The reduced dynamics method was originally proposed by scholars such as T.P.Yunck, S.CWu et al and 1986, and was applied to the actual satellite orbit determination task. The method fuses the orbit dynamics equation of the satellite and the GPS observation equation, and performs optimal solution between the dynamics information and the geometric information, thereby weakening the error influence of the dynamics model, and realizing continuous orbit determination under the condition of poor GPS satellite geometric distribution or data interruption. The method gives full play to the advantages of both satellite orbit dynamics and GPS measurement, and the provided orbit solution is the satellite mass center. The orbit accuracy of the reduced dynamics approach to centimeter level has been verified by orbit determination of the GOCE satellites as early as 2000 by using dual-frequency GPS to receive data from p.n.a.m Visser and j.van den Ijssel.
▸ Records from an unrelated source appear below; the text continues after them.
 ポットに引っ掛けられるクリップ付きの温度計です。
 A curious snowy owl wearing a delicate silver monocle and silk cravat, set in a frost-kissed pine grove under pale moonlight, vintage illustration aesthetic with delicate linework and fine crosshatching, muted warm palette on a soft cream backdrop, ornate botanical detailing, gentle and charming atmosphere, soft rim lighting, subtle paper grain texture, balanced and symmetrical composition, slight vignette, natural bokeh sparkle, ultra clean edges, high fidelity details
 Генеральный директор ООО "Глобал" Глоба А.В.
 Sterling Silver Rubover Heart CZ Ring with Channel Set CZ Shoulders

In 2002, Chiaradia researches a method for performing real-time reduced dynamic orbit determination on a Topex/Poseidon satellite by using single-frequency GPS data, achieves the orbit determination precision of tens of meters, and verifies the feasibility of performing real-time orbit determination on a low-orbit satellite by using a cheap single-frequency GPS receiver.
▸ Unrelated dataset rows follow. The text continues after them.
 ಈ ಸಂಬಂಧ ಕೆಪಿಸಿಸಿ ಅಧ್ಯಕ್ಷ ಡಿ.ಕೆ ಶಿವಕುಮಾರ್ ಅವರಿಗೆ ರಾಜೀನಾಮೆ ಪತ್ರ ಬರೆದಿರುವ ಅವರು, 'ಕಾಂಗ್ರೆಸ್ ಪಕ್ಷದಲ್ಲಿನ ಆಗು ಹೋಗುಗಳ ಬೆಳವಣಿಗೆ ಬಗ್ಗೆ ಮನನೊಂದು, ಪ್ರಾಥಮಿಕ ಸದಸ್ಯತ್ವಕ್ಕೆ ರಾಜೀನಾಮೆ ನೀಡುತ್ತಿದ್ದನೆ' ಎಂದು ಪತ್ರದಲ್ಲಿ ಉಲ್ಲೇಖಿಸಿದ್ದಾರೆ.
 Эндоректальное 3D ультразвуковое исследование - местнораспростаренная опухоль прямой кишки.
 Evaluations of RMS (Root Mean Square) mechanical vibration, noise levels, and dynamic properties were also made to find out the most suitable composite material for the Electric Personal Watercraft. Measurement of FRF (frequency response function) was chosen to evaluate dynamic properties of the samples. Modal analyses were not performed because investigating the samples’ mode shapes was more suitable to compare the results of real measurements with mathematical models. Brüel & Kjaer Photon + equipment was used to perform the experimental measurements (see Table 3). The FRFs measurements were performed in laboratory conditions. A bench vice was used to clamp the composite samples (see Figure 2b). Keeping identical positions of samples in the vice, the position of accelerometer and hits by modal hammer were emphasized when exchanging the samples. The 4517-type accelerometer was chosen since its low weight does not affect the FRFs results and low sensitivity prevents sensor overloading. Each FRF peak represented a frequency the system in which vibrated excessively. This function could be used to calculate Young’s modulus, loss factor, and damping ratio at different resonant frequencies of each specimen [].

Nowadays, a post-processing reduced dynamics orbit determination method is very mature, the orbit determination precision is high, the reduced dynamics orbit determination method based on single frequency and real time is also widely researched, but the reduced dynamics method has the most essential problems of complex calculation, large calculation amount, influence by the precision of a dynamics model and the like, so that the reduced dynamics method cannot be well applicable to the situations of small satellites with limited task budget and satellite resources, micro-nano satellite orbit determination tasks, satellite orbit change and the like. Thus, GNSS kinematic orbit determination methods that are more versatile and relatively less studied should receive more extensive attention.
A kinematic orbit determination method based on GNSS is a method for positioning and resolving only depending on GNSS pseudo-range information and carrier phase information received by a receiver. The orbit solution provided by the method is the position of the phase center of the antenna of the satellite-borne GNSS receiver.
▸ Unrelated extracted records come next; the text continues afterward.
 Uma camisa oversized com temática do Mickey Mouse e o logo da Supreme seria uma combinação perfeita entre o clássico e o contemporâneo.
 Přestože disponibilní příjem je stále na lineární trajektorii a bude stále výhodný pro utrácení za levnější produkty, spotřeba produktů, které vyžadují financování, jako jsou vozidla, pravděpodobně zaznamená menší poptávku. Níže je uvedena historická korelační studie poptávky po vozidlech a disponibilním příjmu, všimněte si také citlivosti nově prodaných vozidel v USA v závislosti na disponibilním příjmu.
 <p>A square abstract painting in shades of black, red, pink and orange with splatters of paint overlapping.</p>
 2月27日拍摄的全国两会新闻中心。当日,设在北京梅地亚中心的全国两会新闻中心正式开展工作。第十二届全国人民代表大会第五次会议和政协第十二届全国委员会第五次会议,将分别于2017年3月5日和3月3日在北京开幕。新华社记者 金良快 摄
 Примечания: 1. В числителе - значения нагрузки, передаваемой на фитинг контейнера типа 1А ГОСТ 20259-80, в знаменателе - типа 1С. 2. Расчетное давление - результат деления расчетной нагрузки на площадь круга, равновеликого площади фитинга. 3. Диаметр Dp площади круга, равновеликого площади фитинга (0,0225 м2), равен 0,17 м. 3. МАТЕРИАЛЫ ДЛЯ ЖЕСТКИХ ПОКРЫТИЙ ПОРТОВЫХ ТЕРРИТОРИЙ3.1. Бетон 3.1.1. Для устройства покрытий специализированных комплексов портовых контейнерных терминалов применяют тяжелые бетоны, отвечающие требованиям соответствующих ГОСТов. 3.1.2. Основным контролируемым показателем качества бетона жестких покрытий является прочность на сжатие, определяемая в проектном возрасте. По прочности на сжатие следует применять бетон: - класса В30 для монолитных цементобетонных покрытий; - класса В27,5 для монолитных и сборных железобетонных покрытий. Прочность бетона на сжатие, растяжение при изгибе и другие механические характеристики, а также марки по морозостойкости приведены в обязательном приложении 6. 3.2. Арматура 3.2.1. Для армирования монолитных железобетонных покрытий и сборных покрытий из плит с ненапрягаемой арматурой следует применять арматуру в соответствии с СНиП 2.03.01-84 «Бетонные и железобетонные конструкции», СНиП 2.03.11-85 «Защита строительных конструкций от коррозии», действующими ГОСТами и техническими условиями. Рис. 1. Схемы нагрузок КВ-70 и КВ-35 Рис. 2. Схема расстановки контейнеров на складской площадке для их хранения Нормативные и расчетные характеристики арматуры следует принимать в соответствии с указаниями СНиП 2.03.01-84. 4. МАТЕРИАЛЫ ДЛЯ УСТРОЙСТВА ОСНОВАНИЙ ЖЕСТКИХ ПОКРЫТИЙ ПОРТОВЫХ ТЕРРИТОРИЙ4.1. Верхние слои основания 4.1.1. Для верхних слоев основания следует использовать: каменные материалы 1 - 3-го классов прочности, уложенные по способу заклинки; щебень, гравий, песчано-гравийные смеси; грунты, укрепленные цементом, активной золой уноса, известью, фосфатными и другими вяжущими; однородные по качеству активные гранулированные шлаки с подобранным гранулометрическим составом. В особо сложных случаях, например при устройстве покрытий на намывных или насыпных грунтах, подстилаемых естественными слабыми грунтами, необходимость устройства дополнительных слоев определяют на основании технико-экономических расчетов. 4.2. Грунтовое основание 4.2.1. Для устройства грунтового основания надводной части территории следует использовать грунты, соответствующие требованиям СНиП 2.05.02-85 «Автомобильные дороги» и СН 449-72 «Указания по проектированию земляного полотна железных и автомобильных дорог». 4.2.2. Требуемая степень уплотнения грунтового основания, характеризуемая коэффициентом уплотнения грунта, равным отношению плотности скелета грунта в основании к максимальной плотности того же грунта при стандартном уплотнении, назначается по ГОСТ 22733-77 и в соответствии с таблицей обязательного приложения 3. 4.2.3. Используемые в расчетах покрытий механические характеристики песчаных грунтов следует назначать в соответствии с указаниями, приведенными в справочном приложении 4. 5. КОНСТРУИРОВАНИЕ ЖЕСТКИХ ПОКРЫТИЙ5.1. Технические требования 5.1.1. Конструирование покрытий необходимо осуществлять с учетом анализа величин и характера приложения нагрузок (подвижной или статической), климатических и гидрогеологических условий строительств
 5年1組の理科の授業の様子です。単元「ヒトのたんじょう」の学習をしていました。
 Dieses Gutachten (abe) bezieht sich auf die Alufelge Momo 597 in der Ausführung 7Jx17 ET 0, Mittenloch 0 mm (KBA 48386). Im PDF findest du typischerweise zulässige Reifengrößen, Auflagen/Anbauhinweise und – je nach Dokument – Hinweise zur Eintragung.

In 2003, Montenbruck verifies the precision of the pure kinematics orbit determination method, and the method adopting single-frequency measurement data and GRAPHIC combined ionosphere elimination finally obtains 1-1.5m orbit determination three-dimensional error, thereby demonstrating the high-precision orbit determination feasibility of pure kinematics. However, compared to reduced kinetics methods, the kinematics tracking method is less studied, especially in the single-frequency real-time domain.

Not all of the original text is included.